Matija Gorjanc, MD, DMD
5/25/2006
According to our experience based on 911 implant placements, 62 of them being immediate and placed in more/less inflamated areas, the success rate was the same (98.5 and 98.4 % respectively). More than 80% of immediate implantations were done with grafting procedures. The important facts you have to respect and signposts you have to follow in that cases are: thorough debridement of socket walls and soft tissue fistular tracts,removal of superficial 0.5mm of internal bone layer of the socket with a round bur, copious irigation with saline, achievement of good primary stability in solid apical bone, transgingival healing (immediate gingiva former placement) is desirable, oraly administred antibiotics for 5-10 days.
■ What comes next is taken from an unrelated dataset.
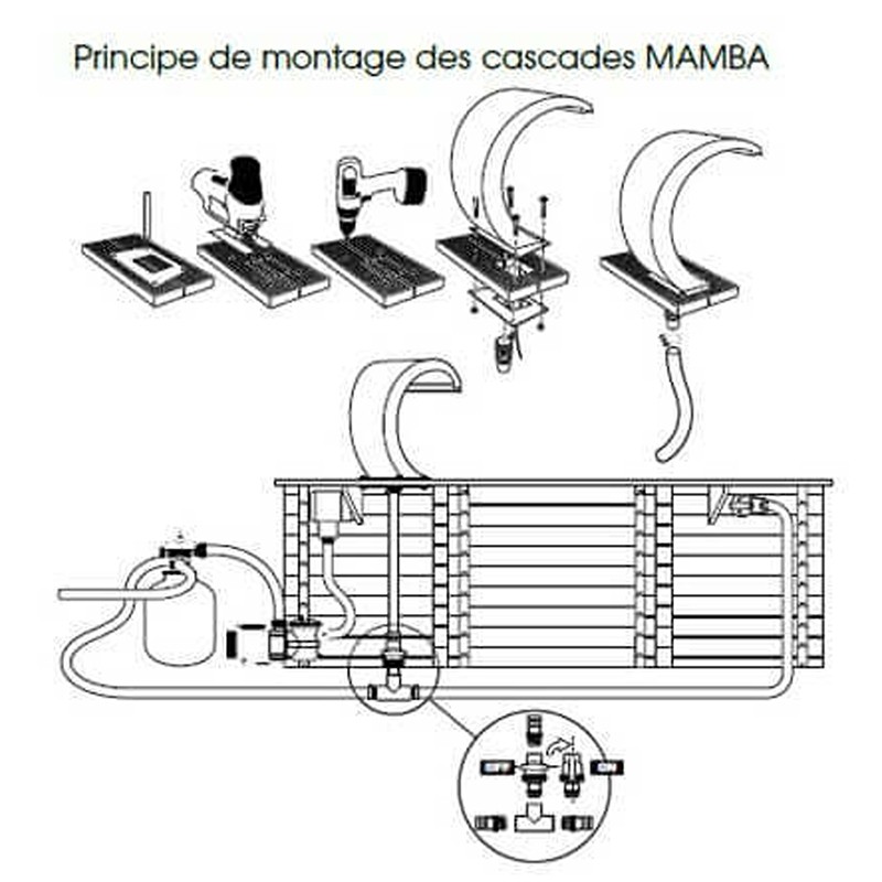 Características técnicas de la cascada de la piscina Mamba

Esthetic problems may occur if you have large buccal plate defects. In that cases we prefer delayed protocol and onlay bone graft 3-4m before implant placement.
Dr.m.Ramzi
9/15/2006
yesterday I HAD A CASE ,ALL UPPER 14 TEETH WERE LOSE,AND WERE EXTRACTED ,8 IMPLANTS WERE PLACED ,THERE WAS A LOT OF ACTIVE INFECTION ,V.LITTLE BONE,SO IF I WAIT FOR 15 WEEK,SURLY THERE WILL NO BONE AT ALL.THE DRILLING WERE ALL DEEP IN NEW BONE, ANY COMMENTS
Anon
12/11/2006
why can't you take care of the 'active'infection first? give the bone time to heal . it seems to me if you don"t take care of the infection first, your not taking care of the problem and only making your patients life hell down the road.
drs. T
11/18/2007
I agree totally with dr Miller. You not only can remove the soft granulation tissues but one can also remove the smearlayer, which normaly have to broken down first before the bone cells can migrate into the area. I use this procedure most times when removing third molars in infected area's with great results. Much faster healing and less complications to the nomal procedures. You can measure that easily in the times patients come to see you with pain or complications after the procedure. With the lasertherapy this is far more less!!
prof.dr.dr.Hossam Barghas
12/19/2007
grafting in an infected site mean a compromized area for bone regenration & ther is high percentage of loosing the graft.also ther is adifference between erdication of infected cyst ( which mean localized infection in the cyst) or chronic infection in the bone, in this case the bacteria reside inside the bone it self.in this case I prefer to do delayed/immediate implant mean to wait 6 weeks after extraction & if the implant well have good stability at the time of insertion so we can do implant & grafting @ the same time , if not then grafting first ,3 months later the implant.